Pelvic floor muscle exercise, also known as Kegel exercise, is the simplest, most feasible, safe, and effective pelvic floor rehabilitation method to date. It guides patients to autonomously and repeatedly contract the anus and yang tract, relaxing for 15-30 minutes after each contraction for 3 seconds. Two to three groups are performed daily for 4-6 weeks as one course of treatment, but it is important to be careful not to contract both abdominal and thigh muscles at the same time. The correct exercise method can strengthen weak pelvic floor muscle tissue, enhance pelvic floor support, improve and prevent further development of early prolapse. Pelvic floor function exercises can also be supplemented with biofeedback therapy or electrical stimulation to enhance the effectiveness of pelvic floor function exercises.

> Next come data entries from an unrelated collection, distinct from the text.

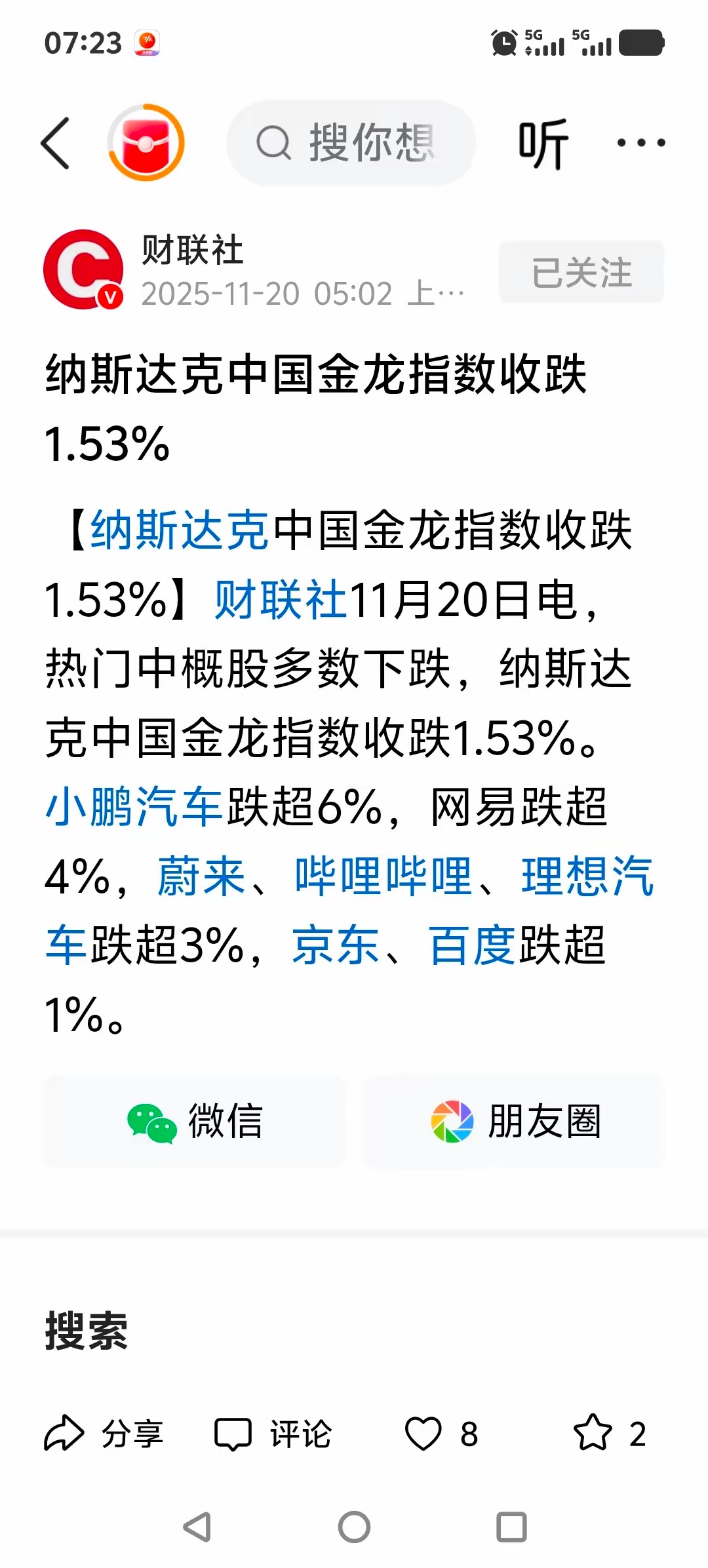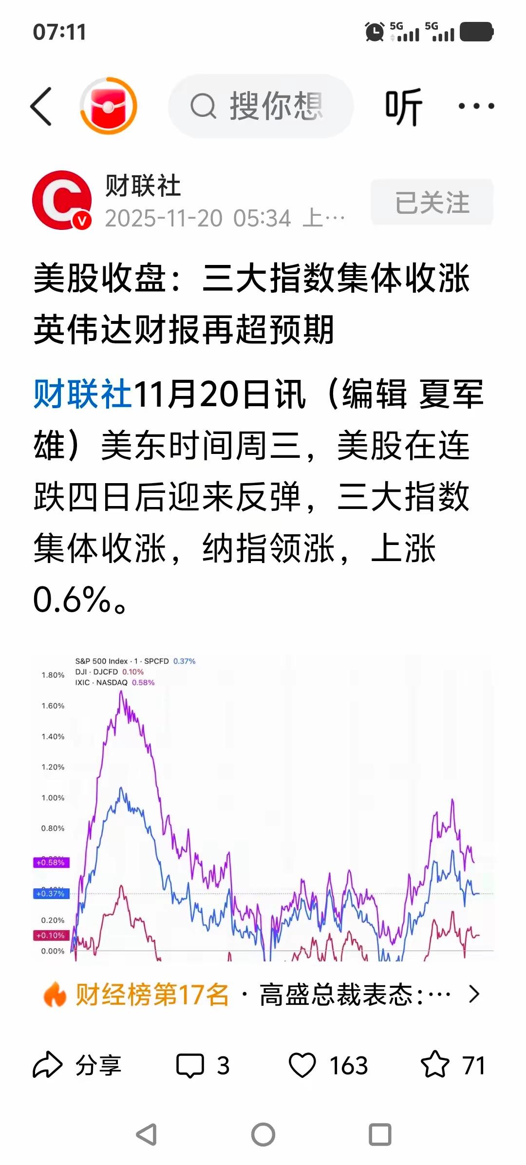 大家期待和观望的数据来了!近段时间全球投资者持观望态度,期待某个财报数据落地,这不数据来了,且超预期了!昨夜英伟达公告:三季度财报收入750亿美元,环比增长22%,同比增长62%。英伟达财报超预期公告后,带动美股三大指数均收涨:道指收涨0.10%,纳指收涨0.59%,标普500指数收0.38%,大型科技股多数上涨。然而,中国纳斯达克金龙指数却收跌1.53%,中概股多数下跌。全球股市调整是不是受这个财报的影响呢?今天就能得出结论!早安: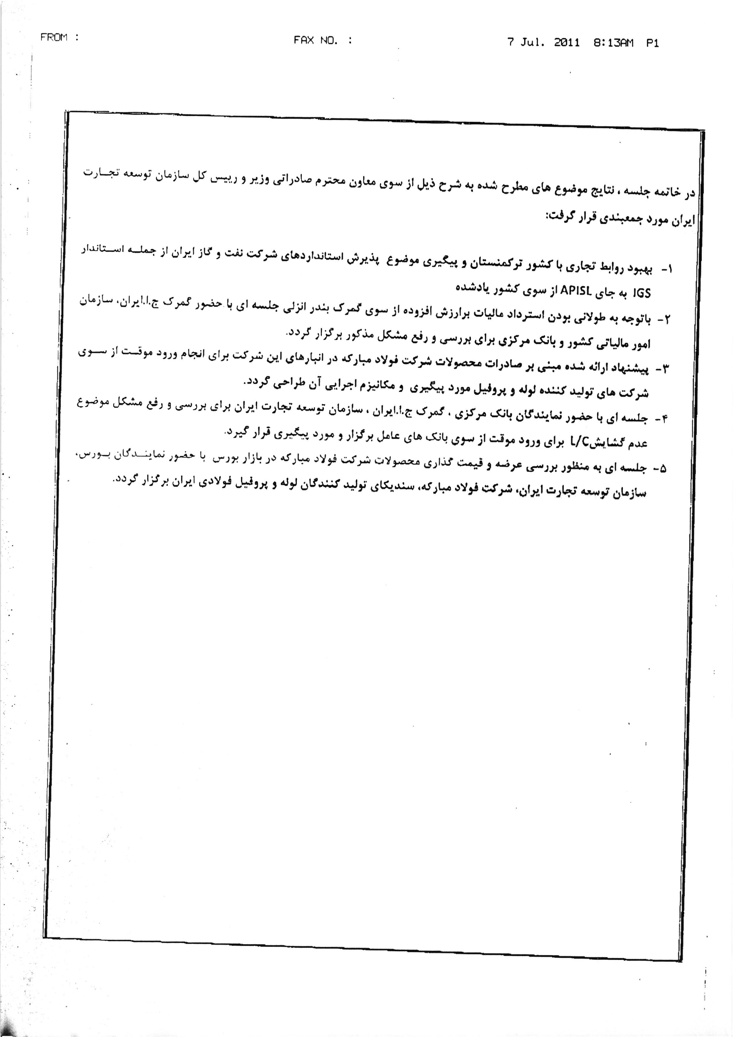 - پیشنهاد ارائه شده مبنی بر صادرات محصولات شرکت فولاد مبارکه در انبارهای این شرکت برای انجام ورود موقت ازسوی شرکتهای تولیدکننده لوله و پروفیل مورد پیگیری و مکانیزم اجرایی آن طراحی گردد.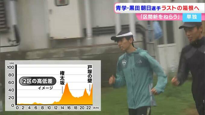 「気候条件がよければ区間新記録を」と、力強い言葉が出ました。実は箱根の2区、後半にかなりの登り坂があります。黒田選手は、青学の坂道タイムトライアルで6連覇を果たすほど、「登りに強い」のです。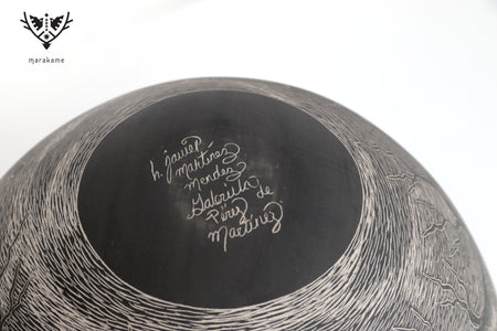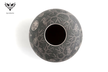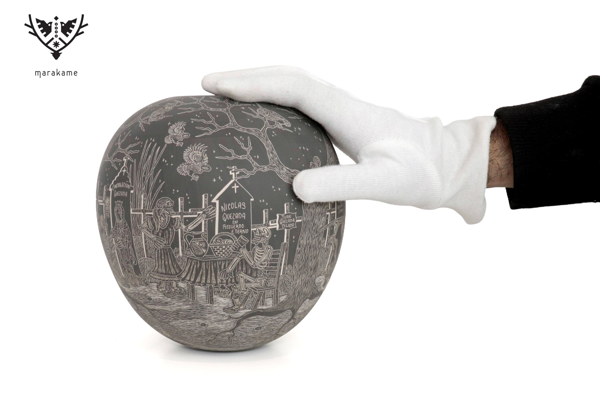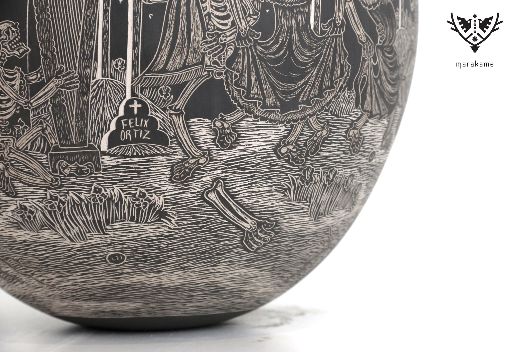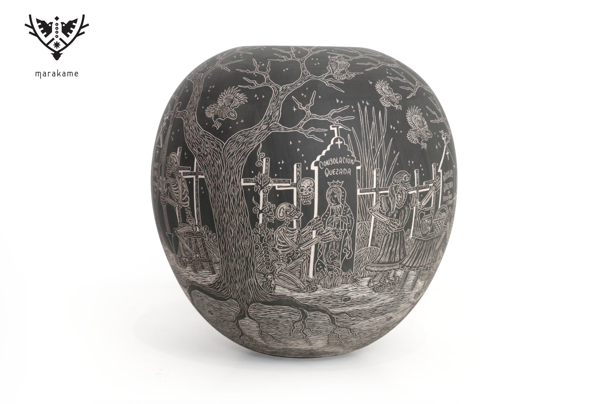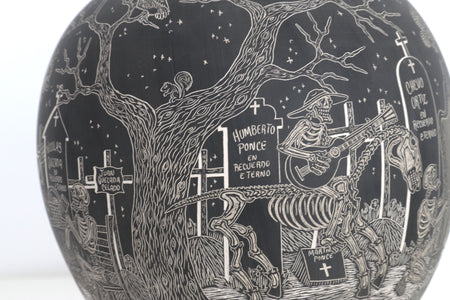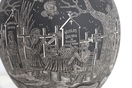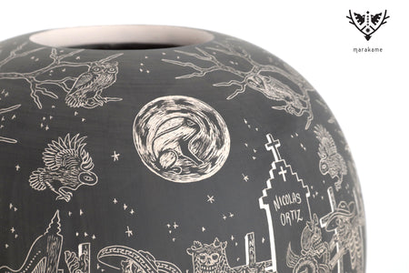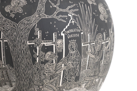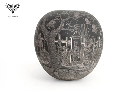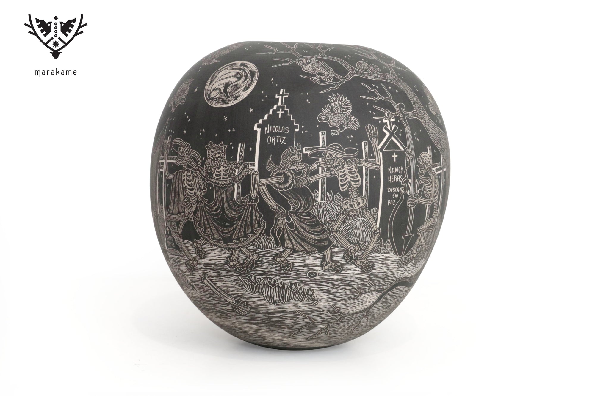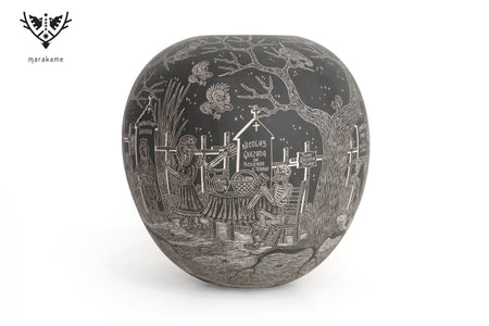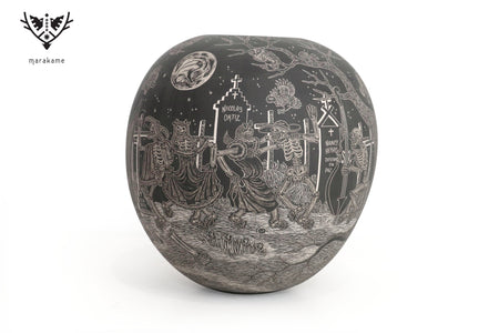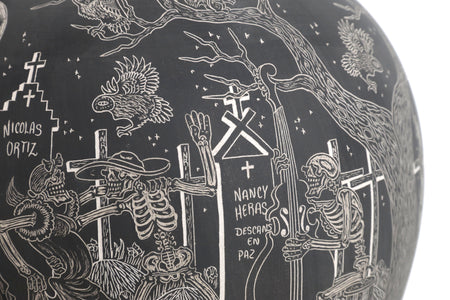 En esta pieza de cerámica de Mata Ortiz, presenta una escena nocturna de Día de Muertos finamente grabada: un jinete esquelético cabalga sobre un caballo huesudo entre lápidas, cruces y nombres que evocan memoria y eternidad. Bajo un cielo estrellado y el ramaje retorcido de un árbol antiguo, el panteón cobra vida con humor macabro y poesía visual, celebrando el vínculo entre los vivos y los que han partido.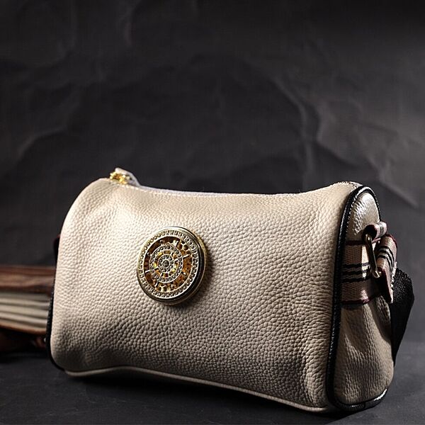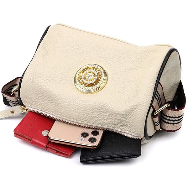 Жіноча цікава сумка у білому з молочним відтінком кольорі з натуральної шкіри з високим показником якості та зносостійкості. На лицьовій стороні розташована кругла прикраса з камінчиками, що надає сумці стильного та вишуканого вигляду. Аксесуар складається з одного основного відділення, потайної кишені на блискавці, кишені відкритого типу та кишені на блискавці зовні. Носити сумку можна на плечі і через плече, для цього є текстильний ремінь, що не знімається. У виробі використано якісну фурнітуру кольору жовтого золота. Універсальний варіант сумки як на вечір так і як сумочка на кожен день. ОПЛАТА та ДОСТАВКА: накладний платіж (передоплата 200 грн, залишок при отриманні посилки) або повна оплата на картку. Терміни відправлення 1-3 робочих днів.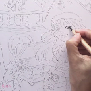 Grayscale Coloring Page, Pirate Girl. Cleo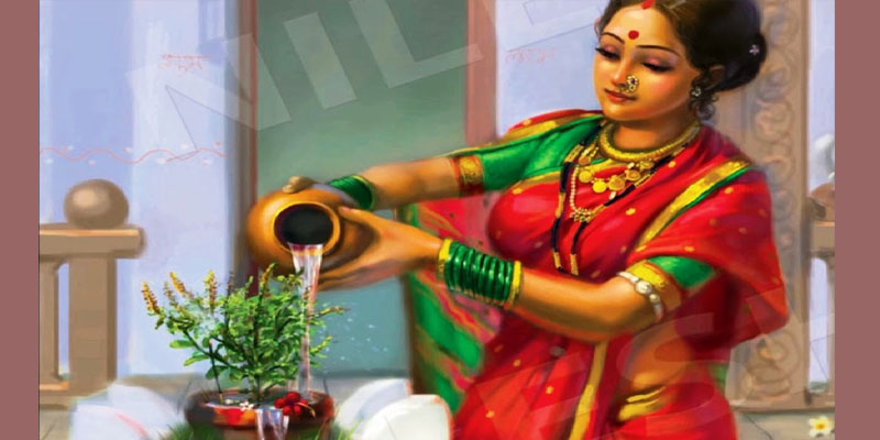 वैदिक सनातन धर्म एवं आर्युवेदमा तुलसीको ठूलो महत्व छ । घरको आँगनमा तुलसीको मोठ बनाउने र तुलसीको पूजा गर्ने एवं तुलसीको पानी पिउने चलन निकै पुरानो हो । तुलसी जल पिउनाले विविध रोगहरुबाट छुटकारा पाइने आर्युवेदमा वताइएको छ । तुलसीको मोठ विविध धार्मिक पर्वदेखि मृत्युशैयासम्म प्रयोग हुँदै आएको छ । खानामा थोरै तुलसीको पात राखेर खानाले स्वास्थ्यमा राम्रो प्रभाव पर्ने आयुर्वेदको मत छ । भगवान् विष्णु र कृष्णको अत्यन्त प्रिय रहेको तुलसी वृक्ष सम्बन्धि अनेक रोचक प्रसंगहरु पुराणका कथाहरुमा वर्णन गरिएका छन् । वैज्ञानिक मत अनुसार तुलसीमा अन्य वृक्षको तुलनामा अक्सिजनको मात्रा धेरै हुन्छ । आषाढ शुक्ल एकादशीमा रोपिएको तुलसीलाई मोठ सिँगार पटार एवं लिंगा चौका गरी हरिबोधिनी एकादशीमा भगवान् दामोदरसँग धुमधामले विवाह गरिदिने चलन पनि छ । कतै कतै पिपलसँग विवाह गरिदिने चलन पनि छ ।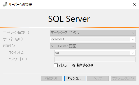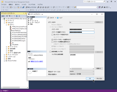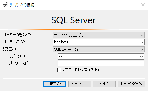 パスワード:設定したsaのパスワード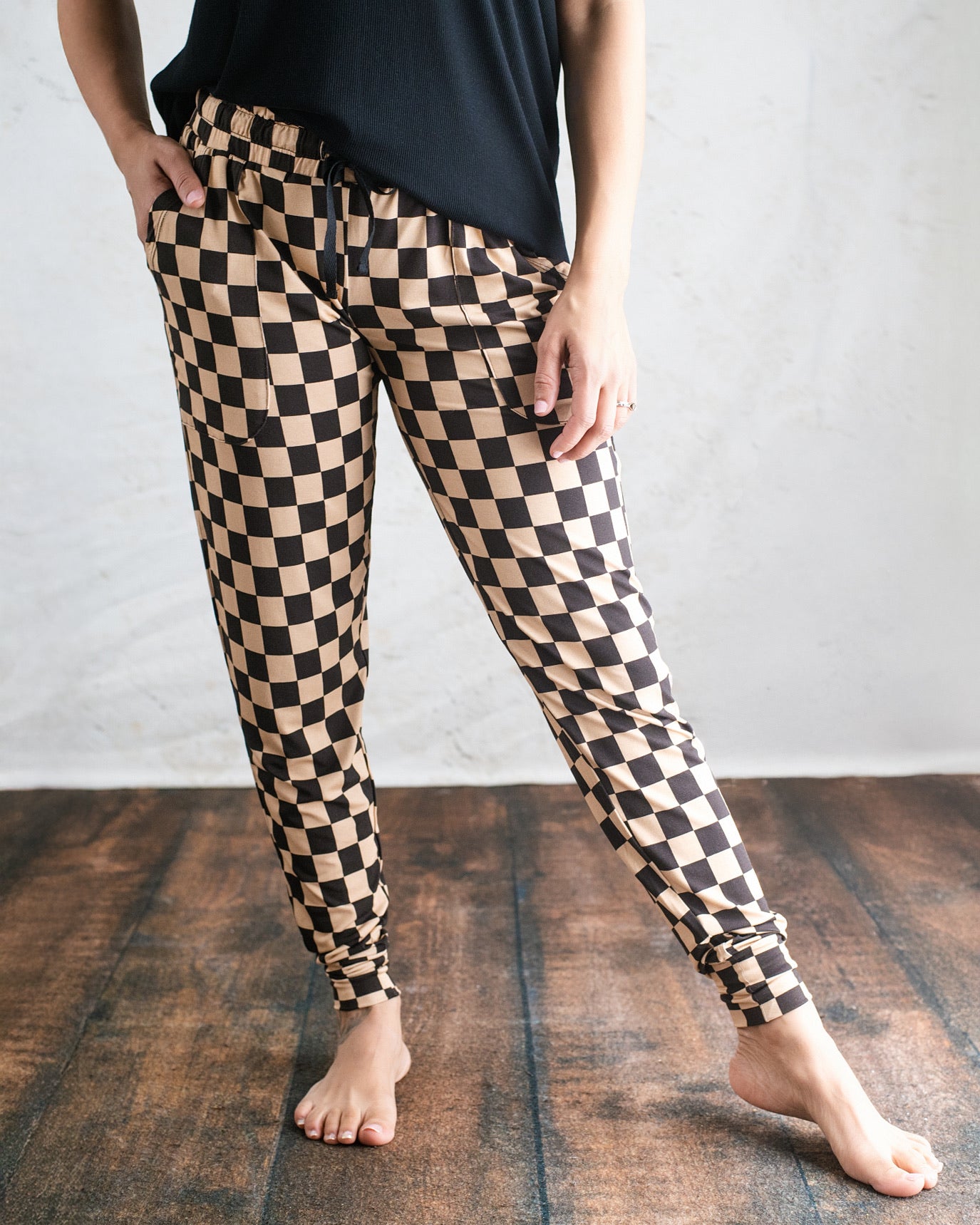 Women’s Deluxe Loungewear PANTS in TAN CHECKS

How can we better prevent pelvic floor organ prolapse in women? Pelvic floor organ prolapse is a common disease in female patients, which is mainly manifested by the presence of protruding objects at the vaginal opening, which may be the anterior or posterior wall of the vagina, or the uterine body. Therefore, this type of disease can be well prevented. Generally speaking, we believe that there are three main factors for this type of disease, one is pregnancy and childbirth; One is age, mainly due to insufficient hormones in the body after menopause; One is excessive weight, which compresses the pelvic floor muscles by pelvic organs. So, for these three points, we have different prevention methods. Firstly, we should shorten the delivery process as much as possible during pregnancy. Secondly, after delivery, we should have good pelvic floor rehabilitation and weight control. For some severe cough and constipation, we should actively treat them. For menopausal patients, we can also use some estrogen ointment locally, preferably locally. Before use, we should avoid some contraindications, such as ovarian tumors, breast tumors, etc.
What exercises cannot be performed for female pelvic floor organ prolapse? What should be paid attention to in daily life? The following exercises that increase pelvic floor load need to be reduced and avoided: running, jumping, skipping rope, boxing, squatting, sit ups, squatting horse steps, lifting heavy objects, high lifting/kicking exercises, high-intensity exercises/exercise courses that require running and jumping. Pelvic floor organ prolapse is a disease caused by the relaxation of pelvic floor muscles in women. Patients with this condition can be advised to avoid heavy physical activity and treat chronic cough, constipation, and other diseases. For severe patients, we recommend surgical treatment, which currently has a relatively ideal effect.